» **WORK INSTRUCTION**: Starting with the first line of the material, reproduce exactly each line up to and including the one that contains "A saved search", leaving out every picture.

» **SUPPLIED MATERIAL**:

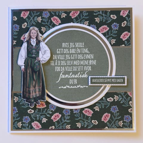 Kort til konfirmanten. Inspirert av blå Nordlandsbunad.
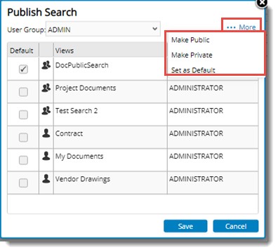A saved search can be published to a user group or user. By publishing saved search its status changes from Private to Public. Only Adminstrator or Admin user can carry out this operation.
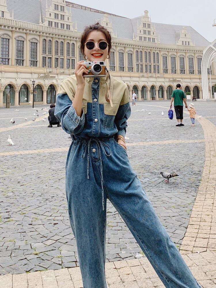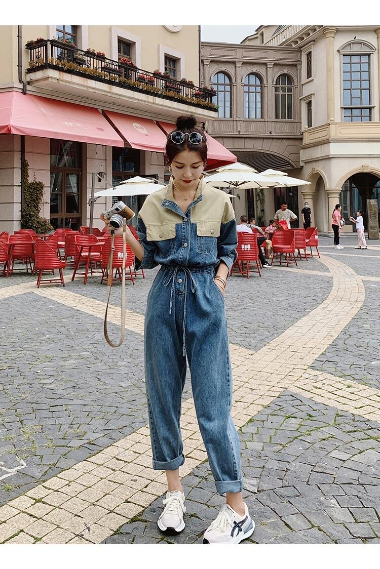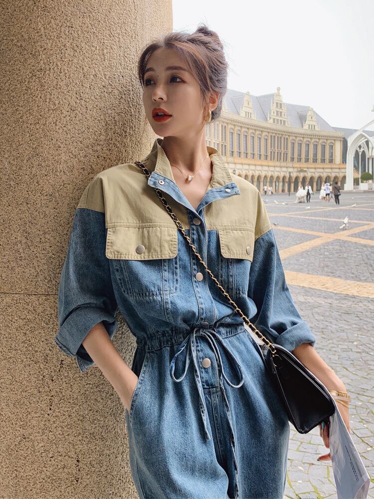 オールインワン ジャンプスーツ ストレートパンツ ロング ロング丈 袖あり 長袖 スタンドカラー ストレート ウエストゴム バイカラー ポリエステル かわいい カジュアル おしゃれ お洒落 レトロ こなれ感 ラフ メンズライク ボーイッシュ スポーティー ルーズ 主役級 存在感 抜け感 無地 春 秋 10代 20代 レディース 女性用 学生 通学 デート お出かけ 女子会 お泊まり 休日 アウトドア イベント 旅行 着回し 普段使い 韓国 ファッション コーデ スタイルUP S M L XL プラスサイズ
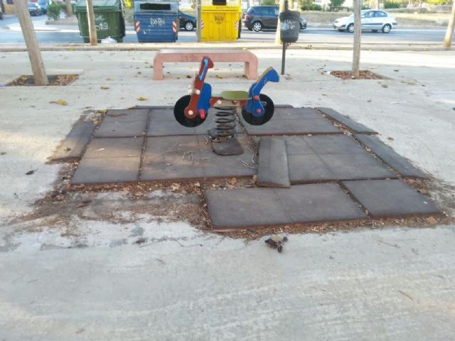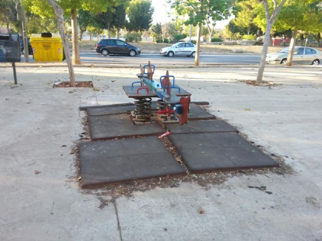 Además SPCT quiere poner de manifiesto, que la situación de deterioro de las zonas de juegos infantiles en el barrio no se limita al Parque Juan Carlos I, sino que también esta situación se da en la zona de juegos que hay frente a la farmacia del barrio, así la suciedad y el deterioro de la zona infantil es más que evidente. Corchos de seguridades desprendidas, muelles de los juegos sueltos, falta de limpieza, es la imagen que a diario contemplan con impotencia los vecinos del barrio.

» **ANSWER BOX**:
 Kort til konfirmanten. Inspirert av blå Nordlandsbunad.
A saved search can be published to a user group or user. By publishing saved search its status changes from Private to Public. Only Adminstrator or Admin user can carry out this operation.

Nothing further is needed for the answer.